As for Assad, his Syria at least pretends to be a secular state, so no wonder that Christian and other minorities now tend to take his side against the Sunni rebels. In short, we are dealing with an obscure conflict, vaguely resembling the Libyan revolt against Gaddafi. There are no clear political stakes, no signs of a broad emancipatory-democratic coalition, just a complex network of religious and ethnic alliances overdetermined by the influence of superpowers (the United States and Western Europe on the one side, Russia and China on the other). In such conditions, any direct military intervention means political madness with incalculable risks. What if radical Islamists take over after Assad’s fall? Will the United States repeat their Afghanistan mistake of arming the future al-Qaeda and Taliban cadres? What if the U.S. missiles or bombs land on Syria’s stockpile of Sarin gas weapons?

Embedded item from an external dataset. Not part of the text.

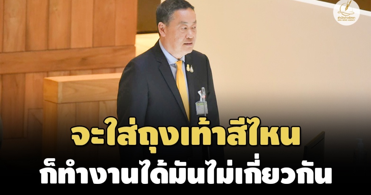“ก็เป็นสีสันไม่เป็นไรครับ เพราะทุกคนก็กู้หมดแหละครับ แต่สำคัญว่ากู้แล้วนำมาทำประโยชน์ให้ประเทศชาติอย่างไรบ้าง ผมมั่นใจในรัฐบาลนี้และเอาประชาชนเป็นที่ตั้ง “ พร้อมกล่าวย้ำว่า ” จะใส่ถุงเท้าสีไหนก็ทำงานได้มันไม่เกี่ยวกัน “ นายกรัฐมนตรีกล่าวในช่วงท้าย

After the attack, then what?

In such a messy situation, military intervention can only be justified by a short-term, self-destructive opportunism. The moral outrage evoked to provide a rational cover for the compulsion-to-intervene—“We cannot allow the use of poisonous gases on civil population!”—is a such a sham, it doesn’t even take itself seriously. As we now know, the United States more than tolerated the use of poisonous gases against the Iranian army by Saddam Hussein. During the Iraq-Iran war of 1980-1988, the United States sided with the Iraqis to quell Iranian influence in the Gulf, despite being well aware of Iraq’s liberal use of mustard and tear gas, according to declassified government reports. The United States even secretly supplied Iraq with satellite images of Iranian battlefield weaknesses to aid in the targeting of Iranian troops. Where were moral concerns then?

The situation in Syria should be compared to the one in Egypt. Now that the Egyptian Army has broken the stalemate and cleansed the public space of the Islamist protesters, the result is hundreds, maybe thousands, of dead. One should take a step back and focus on the absent third party in the ongoing conflict: the explosion of heterogeneous organizations (of students, women, workers) in which civil society began to articulate its interests outside the scope of state and religious institutions. This vast network of new social forms is the principal gain of the Arab Spring, independent of big political changes like the Army’s coup against the Muslim Brotherhood government or the Assad regime’s war with Islamist extremists. It goes deeper than the religious/liberal divide. (And even in the case of clearly fundamentalist movements, one should be careful not to miss their social component.)

The only way for the civil-democratic protester—in Tunisia, Egypt, Libya or Syria—to avoid being sidestepped by religious fundamentalists is by adopting a much more radical agenda of social and economic emancipation.

And this brings us back to Syria: The ongoing struggle there is ultimately a false one, a struggle towards which one should remain indifferent. The only thing to keep in mind is that this pseudo-struggle thrives because of the absent Third, a strong radical-emancipatory opposition whose elements were clearly perceptible in Egypt.

As we used to say almost half a century ago, one doesn’t have to be a weatherman to know which way the wind blows. In Egypt’s case, I’ve argued, it blows toward Iran—and in Syria, it blows toward Afghanistan. Even if Assad somehow wins and stabilizes the situation, his victory will probably breed an explosion similar to the Taliban revolution that will sweep over Syria in a couple of years. What can save us from this prospect is only the radicalization of the struggle for freedom and democracy into a struggle for social and economic justice.

So what is happening in Syria these days? Nothing really special, except that China is one step closer to becoming the world’s new superpower while her competitors are eagerly weakening each other.